# [The problem]
Give the data again word for word; drop the pictures.

# [Dataset content]

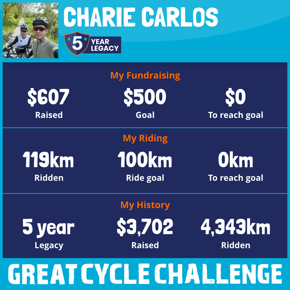 1,118 km Ridden$876 Raised2023
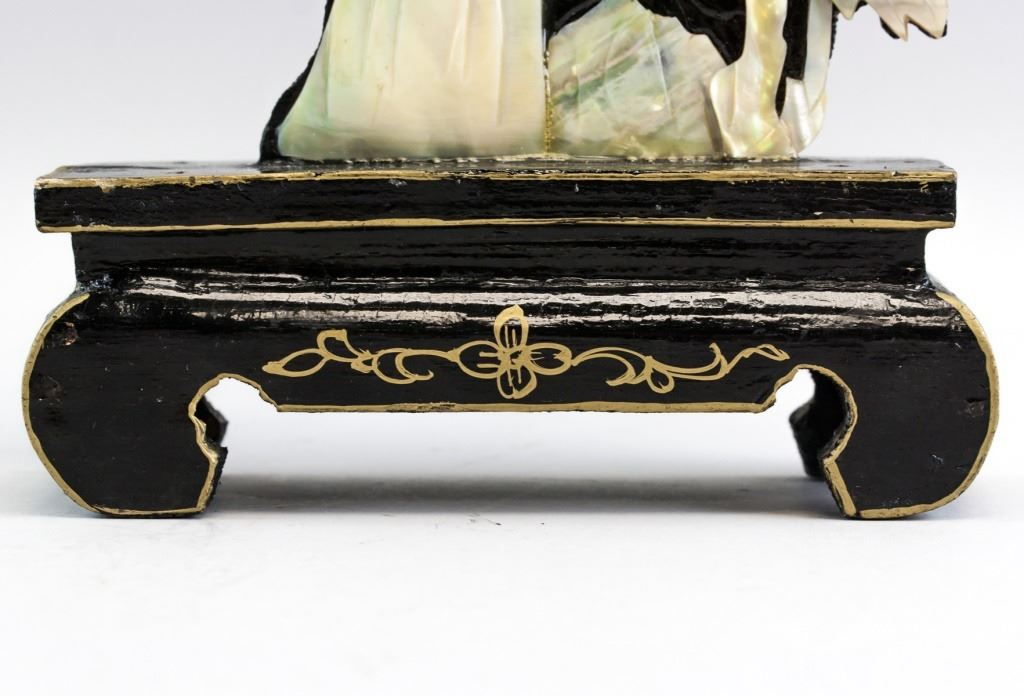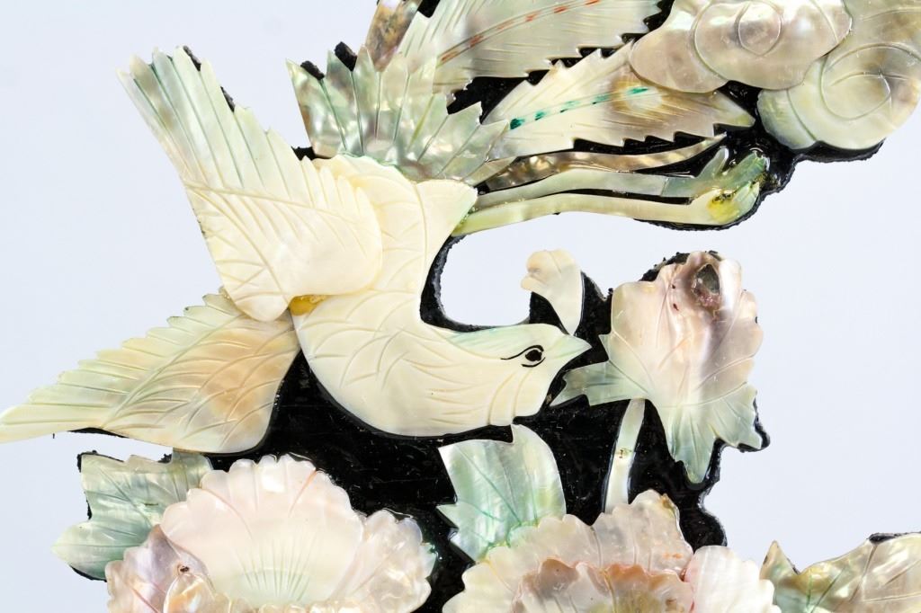 Chinese decorative plaque. Featuring birds and flowers. Rests on rectangular stand. H: 37 cm. W: 16 cm.
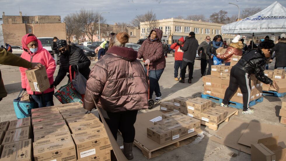Janelle Teague traveled to the food giveaway from Matteson because she struggles to put food on the table.
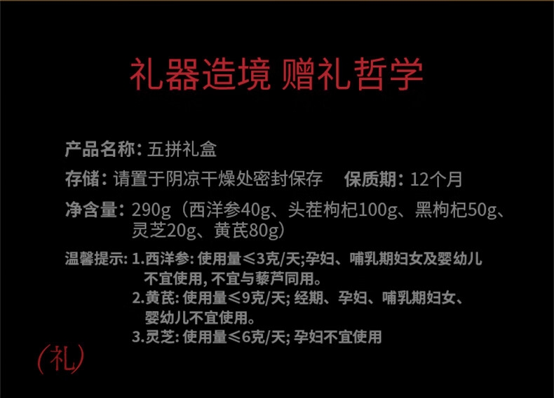配置清单:1.0-1.2cm西洋参片40g+灵芝20g+150-170粒/50g头茬红枸杞100g+牛头果黑枸杞50g+1.0-1.2cm黄芪80g ;礼盒*1;礼袋*1

# [Solution for this task]
 1,118 km Ridden$876 Raised2023
 Chinese decorative plaque. Featuring birds and flowers. Rests on rectangular stand. H: 37 cm. W: 16 cm.
Janelle Teague traveled to the food giveaway from Matteson because she struggles to put food on the table.
配置清单:1.0-1.2cm西洋参片40g+灵芝20g+150-170粒/50g头茬红枸杞100g+牛头果黑枸杞50g+1.0-1.2cm黄芪80g ;礼盒*1;礼袋*1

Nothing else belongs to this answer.